I have never seen a turtle on a fencepost in real life, but you can imagine it didn’t get up there by itself.  Maybe it wasn’t even in favor of the idea.

I just finished the book Turtle on a Fencepost by June Rae WoodIt’s a young teen’s book, and a beautiful story – complete with intergenerational characters, problems with friends, mourning, scuffles with family, physical disabilities, misunderstandings, pre-judging people and many other typical human struggles.

Back in the small farming era, most any farmer plowing with a tractor would pick up turtles and set them on fence posts, rather than smash them under their tires.  At the end of the day, it was usually the job of the farmer’s kids to walk the fences and put the turtles safely back down on the ground.

There were times, when one of the mean kids in the county would leave a turtle stranded on a post, laughing as the legs paddled through the air trying to find land – then walk away.

Delrita, the main character of Turtle on a Fencepost, had recently lost her parents in a car accident, was living with her uptight Aunt Queenie with painted-on eyebrows, Uncle Bert who donned a toupee, and her crotchety old WWII veteran Gramps.

In a sense, all those people living under the same roof were turtles, each on their own fencepost.  None of them had chosen the role they were living, and none understood the other.  But because they continued to do life together, trying to be family even when the feelings weren’t there, they learned to appreciate and eventually love each other.

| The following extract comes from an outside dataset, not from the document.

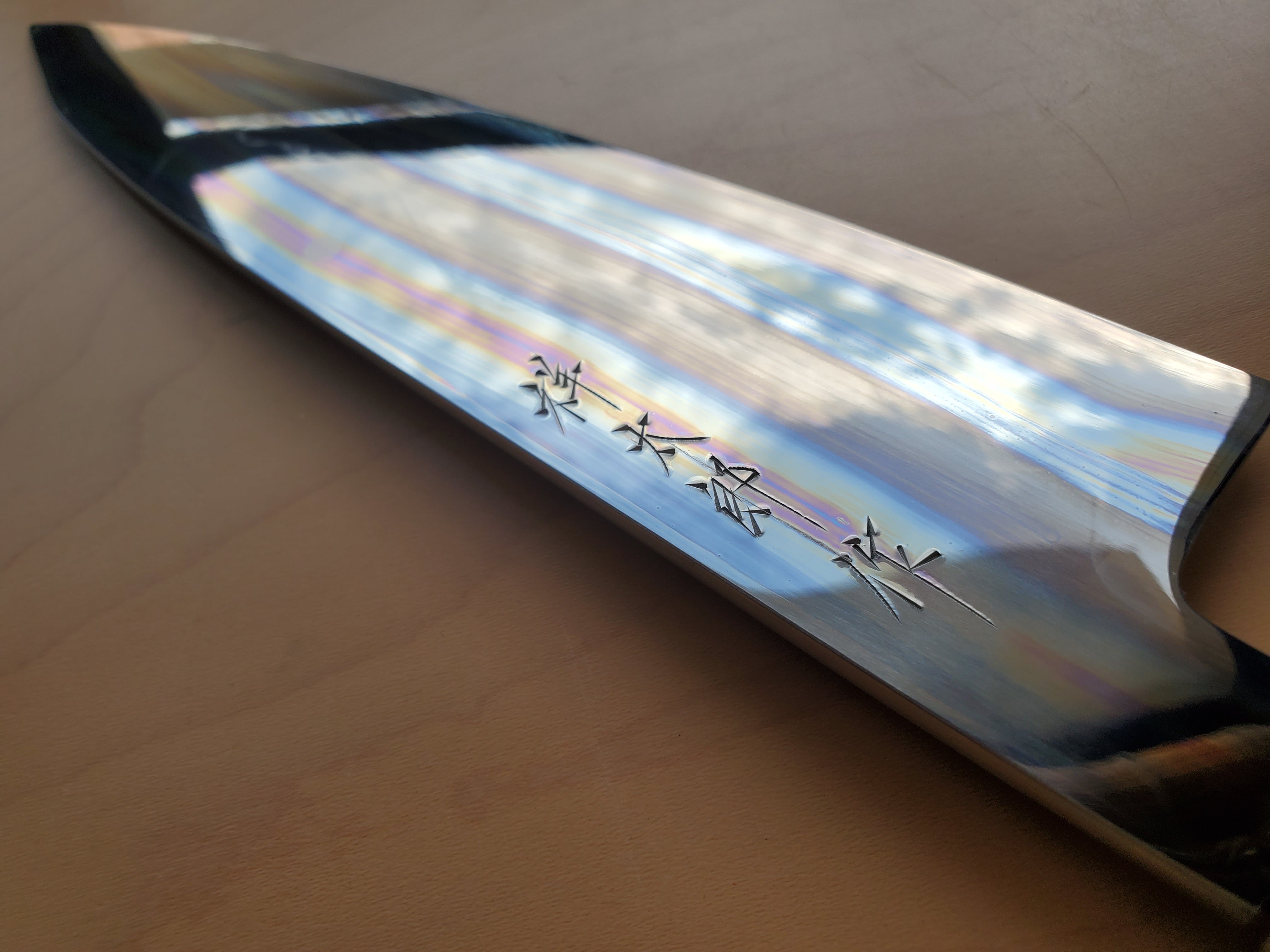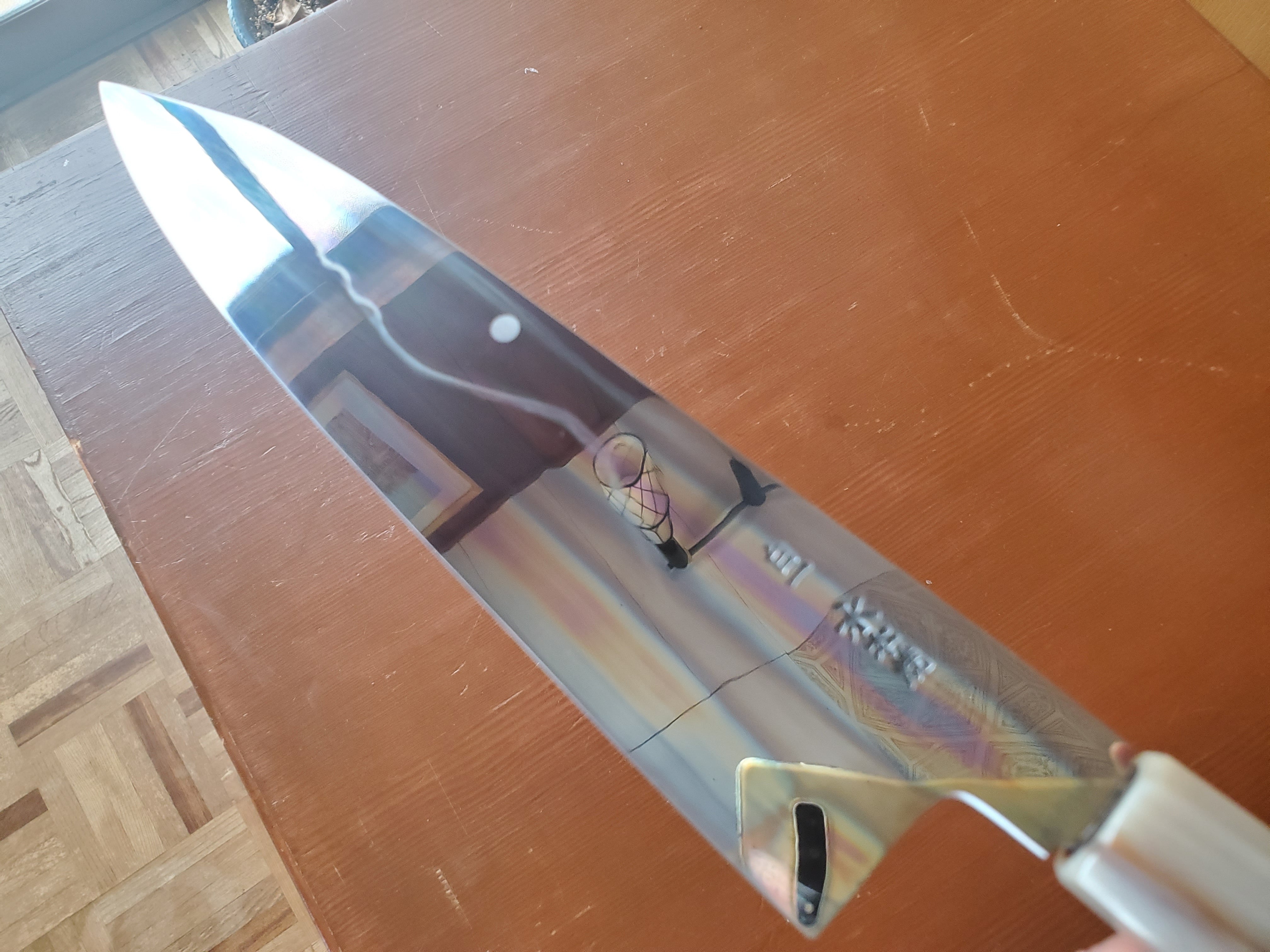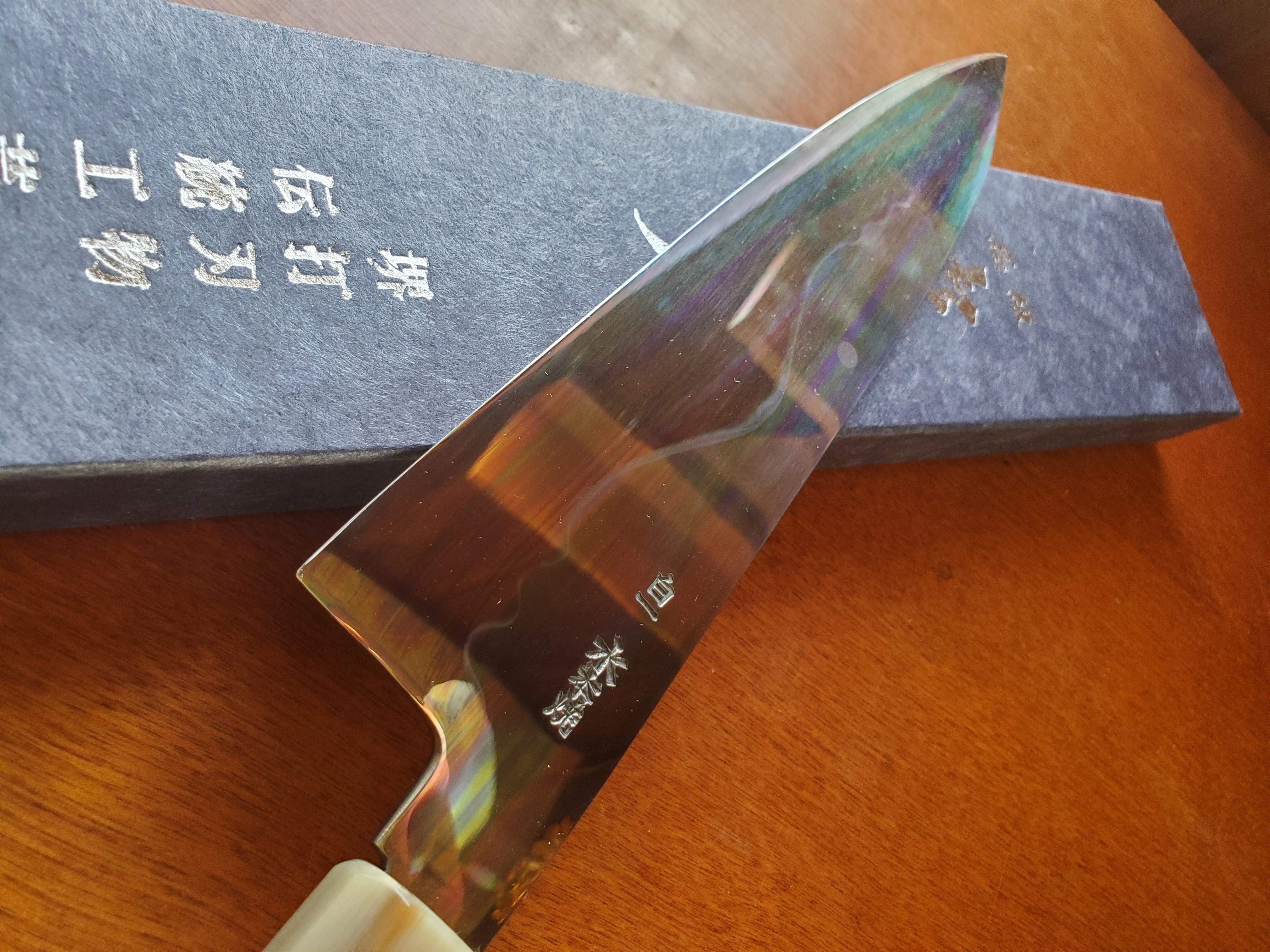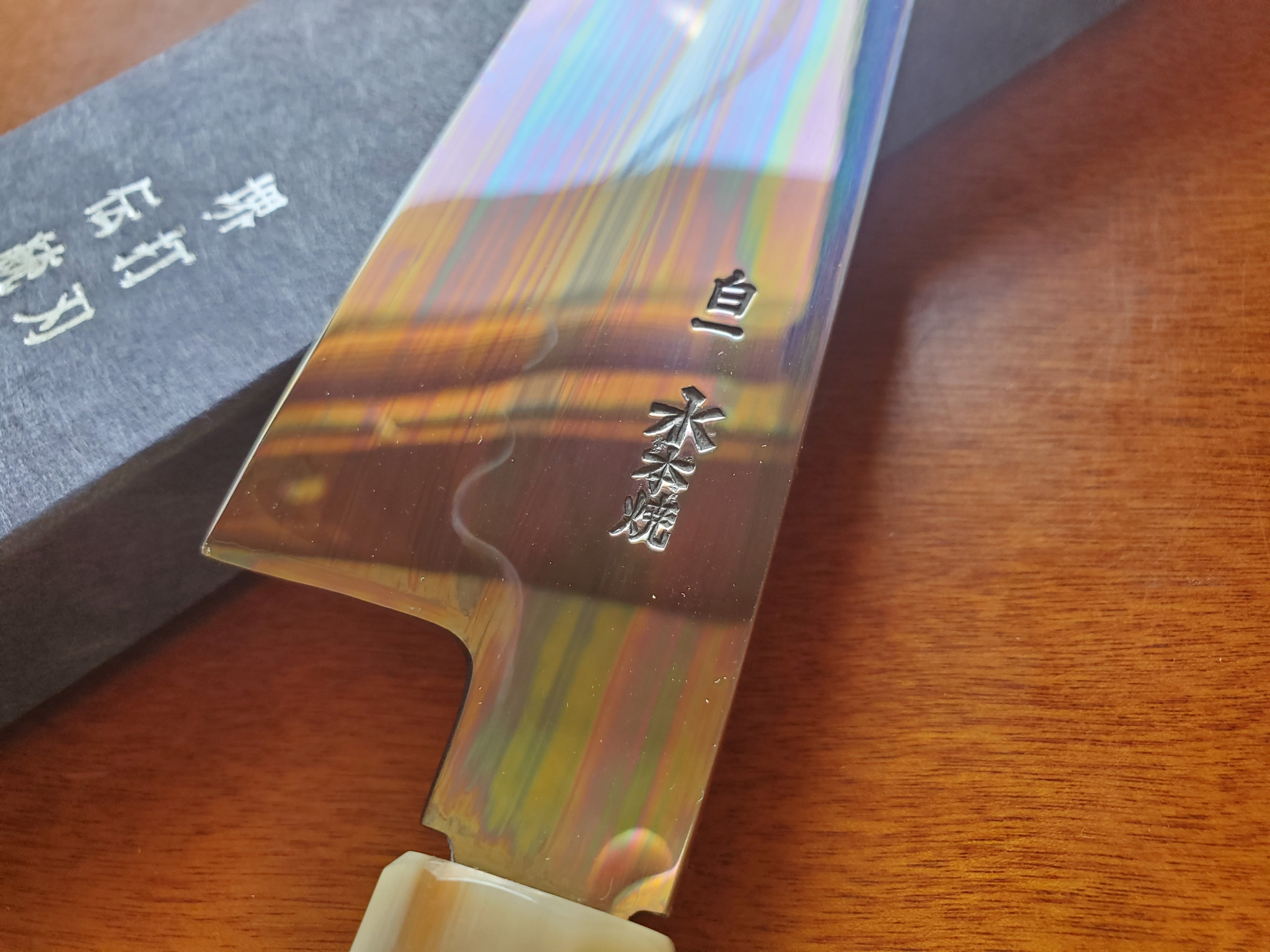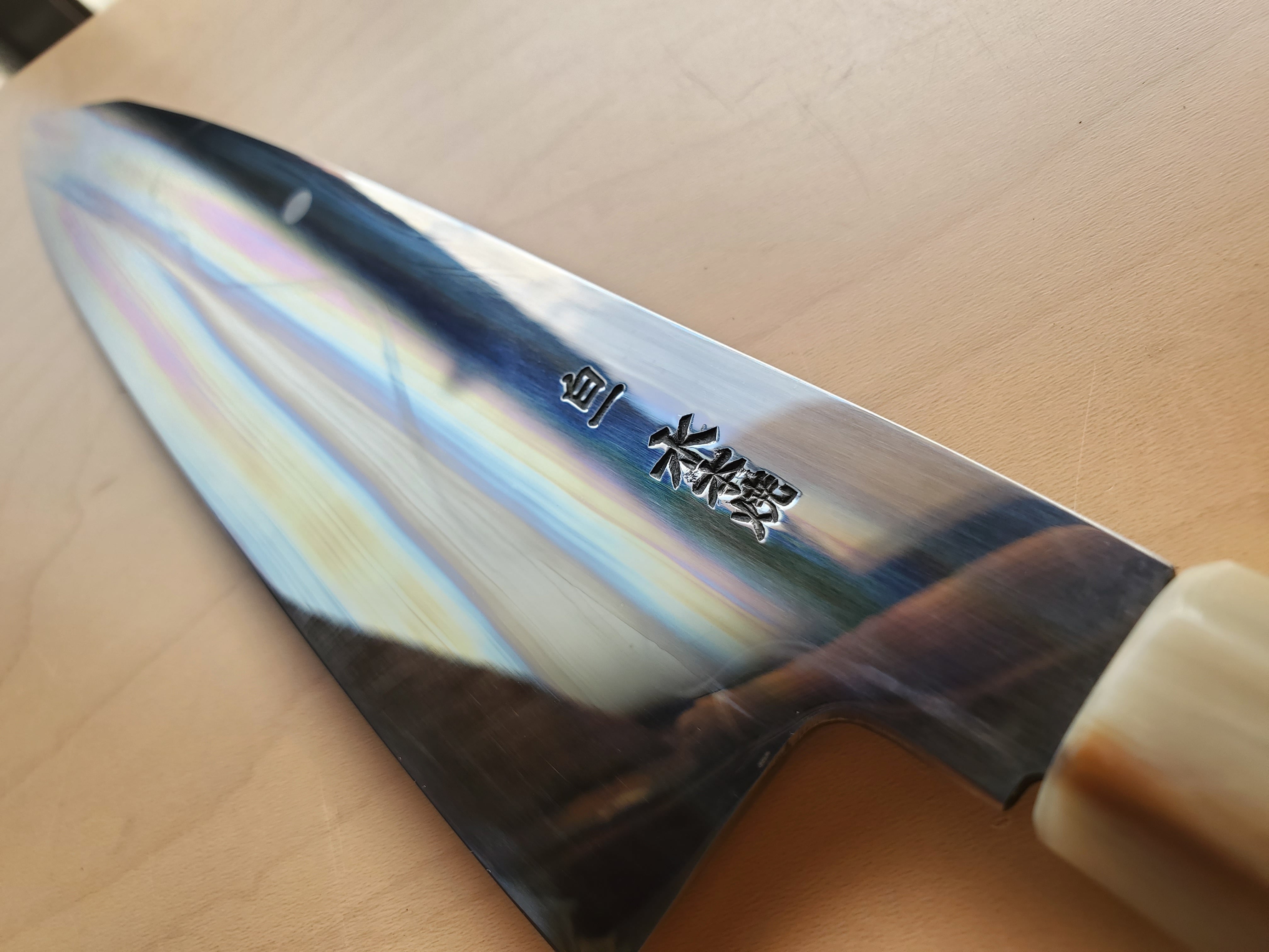 【祥太郎作 水本焼】和牛刀 富士満月波紋 8寸 白1 全鏡面仕上げ(両段白水牛角黒檀八角柄)

There were reasons why Aunt Queenie was so rigid, why Gramps was always critical and never satisfied with anything or anyone.  Delrita had her own reasons for constantly lashing out at the people living in her household.  But when each person started to be honest and speak about their past, their griefs and their crushed dreams, they learned to look past the quirks and oddities of each other and embrace the abundance of good that eventually became apparent.

I became so thoroughly captivated with the book that I stayed up later than usual reading.  It wasn’t quite as riveting as John Grishom or Ted Dekker, but stories about human interactions and conflicts always grab my attention.

Then I got thinking about families – the annoyances we all have with each other at times, those rough edges we see especially when we live and work with people – and remembered the saying:

Be kind.  For everyone you meet is fighting a battle you know nothing about.

When I used to stop at a signal, waiting for the light to turn green, I would look at some of the picture perfect people sitting in cars around me and think that surely their lives were easy.  Surely they had a good job, a family without strife, friends that loved and appreciated them.

But after all these years of living and talking with many seemingly picture perfect people, I have found that there is no such thing.  We all sin in many ways, offend others without intending, and bristle when they annoy us.

Everyone is fighting a hard battle – but there are a lot of us fighting hard battles after losing a whole string of other battles.  Ann Voskamp

That’s exactly why Jesus tells us to be compassionate and forgive when people hurt us.  We know very little about what is going on in the hearts of others, but we do know that we all – without an exception –  suffer from the same human condition.  The condition that tempts us to judge, hold on to hurts, to think we are always right and the other is wrong.

It’s Jesus who works in us and others to become more like him.  We are all on different time lines, and if we simply remember what we were like many moons ago, perhaps we will have more grace with others.   It’s hard work to live that way, but as I have always told my students, and what I still constantly need to remind myself:

There’s nothing wrong with hard.

So…that’s the story about the turtle on the fencepost.  The analogy is beautiful and the lessons are many.  I pray that we all may be willing to help any stranded turtles we see so they can quit swimming in the air and be planted on firm ground.